◆ Excerpted data:

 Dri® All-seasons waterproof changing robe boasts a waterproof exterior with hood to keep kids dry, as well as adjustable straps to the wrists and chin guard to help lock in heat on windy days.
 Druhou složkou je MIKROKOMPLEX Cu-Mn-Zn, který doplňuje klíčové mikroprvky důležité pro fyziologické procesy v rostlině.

...

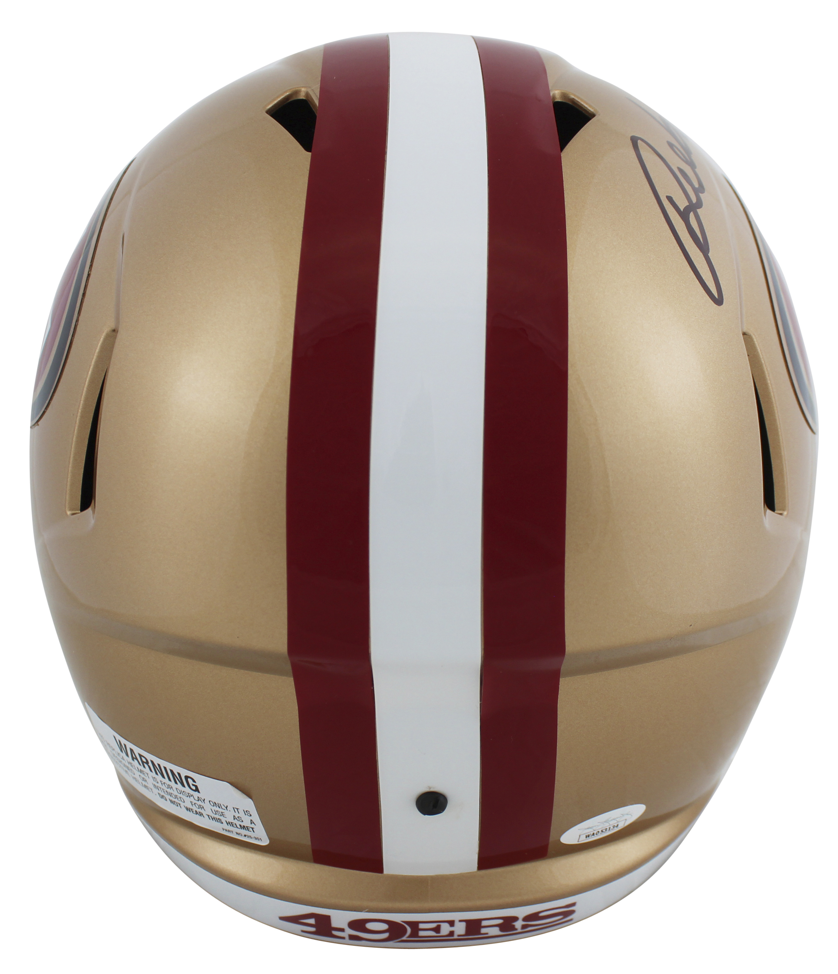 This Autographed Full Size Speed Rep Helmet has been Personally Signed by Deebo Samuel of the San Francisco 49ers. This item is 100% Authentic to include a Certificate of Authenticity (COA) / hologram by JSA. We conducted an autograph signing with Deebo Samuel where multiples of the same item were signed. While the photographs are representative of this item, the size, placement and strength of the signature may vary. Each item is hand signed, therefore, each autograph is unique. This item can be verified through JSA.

◆ Work task: What you give back should be exactly the lines of the data above from the line with "Dri® All-seasons waterproof" through the line with "Druhou složkou je", both of those included, and nothing more.

◆ Task output:
 Dri® All-seasons waterproof changing robe boasts a waterproof exterior with hood to keep kids dry, as well as adjustable straps to the wrists and chin guard to help lock in heat on windy days.
 Druhou složkou je MIKROKOMPLEX Cu-Mn-Zn, který doplňuje klíčové mikroprvky důležité pro fyziologické procesy v rostlině.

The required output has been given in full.